Послание к коринфянам

Столяров Андрей Михайлович

1. ОТ МАТФЕЯ

Взяли меня ночью, где-то около четырех часов. Операция готовилась очень тщательно: все пространство вокруг моего дома было заблокировано, улицы – перекрыты транспортерами с десантниками ВВС, на крыше дома сидело подразделение «Бета», причем в распоряжении его находился специально оборудованный вертолет, взвод химической обороны подготовил мониторы дезактиваторов, а по лестнице и в саму квартиру вошла так называемая «Группа Ц», двенадцать советских ниндзя, включая командира, в масках, в защитных комбинезонах, сливающихся с темнотой, кстати, я не уверен, что о существовании этой группы известно правительству – впрочем, это не мое дело. Разумеется, у них имелся дубликат ключей, дверной замок к тому времени был уже обследован и смазан, также уже негласно была проверена вся квартира, было точно известно, что я в это время буду спать, поэтому никаких усилий от них не требовалось, им надо было просто войти, изготовиться и разбудить меня. Что они, собственно, и сделали. Между прочим, помимо обычного оснащения – ну там, пистолеты, как полагается, ножи – у них были еще специальные осиновые колышки, нечто вроде дротиков с заостренными концами, и когда один из них зажег свет, то остальные сразу же направили эти дротики на меня, готовые метнуть их при первых же признаках опасности.

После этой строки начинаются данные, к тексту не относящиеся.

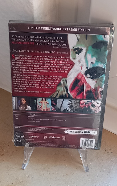 Wenn Du Horror nicht nur schauen, sondern sammeln willst, ist das Terrifier The Beginning Mediabook SonderNr. 66 OVP genau die Art Release, die im Regal sofort ins Auge sticht. Auf dem Cover thront das ikonische, albtraumhafte Motiv zu „All Hallows’ Eve – Terrifier: The Beginning“: düstere Blautöne, blutrote Akzente und dieser bedrohliche Blick, der schon vor dem Einlegen der Disc klar macht, wohin die Reise geht - kompromisslos in Richtung Hardcore-Horror.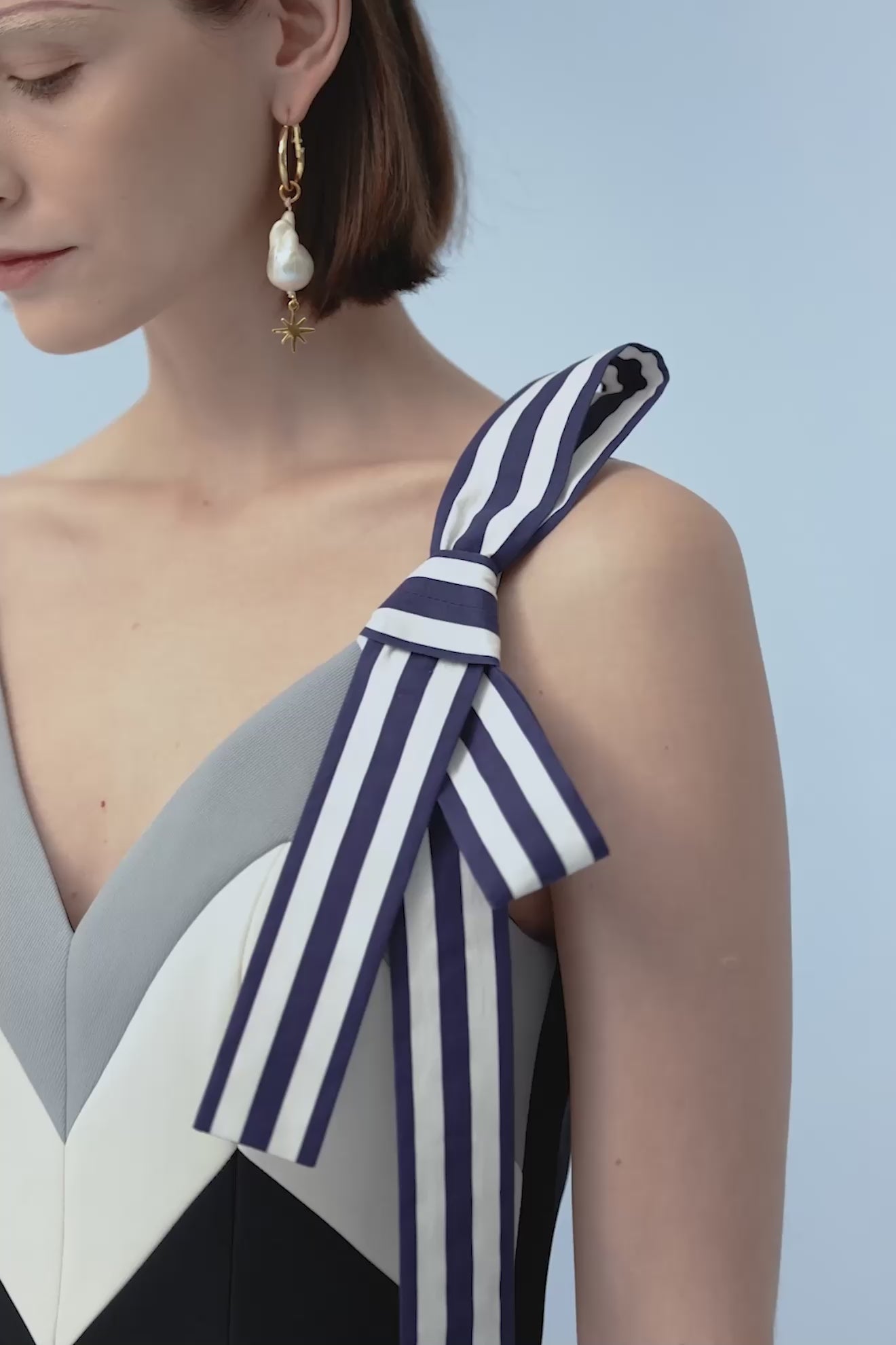 Color-block midi dress and an asymmetrical shoulder bow.

То есть, были учтены все возможные варианты.

Правда, лично я ни о каких вариантах не подозревал, я узнал о них значительно позже, а тогда, разбуженный светом и прикосновением к своему голому плечу, лишь ошеломленно таращился на жутковатых непонятных людей, с головы до ног замотанных черной тканью, которые, застыв полукругом, молча взирали на меня, а в руках у них белели эти самые осиновые дротики. Впечатление было кошмарное. Главное – внезапность. До сих пор не понимаю, как у меня не разорвалось сердце. В общем, если они добивались психологической капитуляции, то они ее добились, я начисто перестал соображать, и когда некий человек – не обмотанный черной материей, будто мумия, а нормальный, в обычном сером костюме, с открытым лицом, видимо, сопровождающий «Группу Ц», выйдя из-за их спин небрежно махнул перед моим носом малиновым удостоверением и, представившись капитаном Таким-то, заявил, что я арестован, то я испытал прямо-таки облегчение. Честное слово, я испытал облегчение, потому что я понял, что это не бандиты, не сумасшедшие, не ожившие мертвецы, а просто органы госбезопасности – свои, родные – и, следовательно, меня не будут сейчас убивать, меня не будут душить или закапывать живьем в землю, меня просто-апросто арестовывают. Арестовывают, и более ничего. Я даже обмяк. Я настолько обмяк, что поинтересовался, а в чем, собственно, дело? Почему меня – разбудили посреди ночи? Почему арестовывают? Разумеется, я не рассчитывал на какие-либо объяснения. Когда это у нас органы госбезопасности что-либо объясняли гражданам? Я спрашивал скорее для морального успокоения и поэтому вполне удовлетворился сдержанным суховатым ответом капитана Такого-то, что вот, мол, санкция прокурора, одевайтесь, гражданин, следуйте за нами.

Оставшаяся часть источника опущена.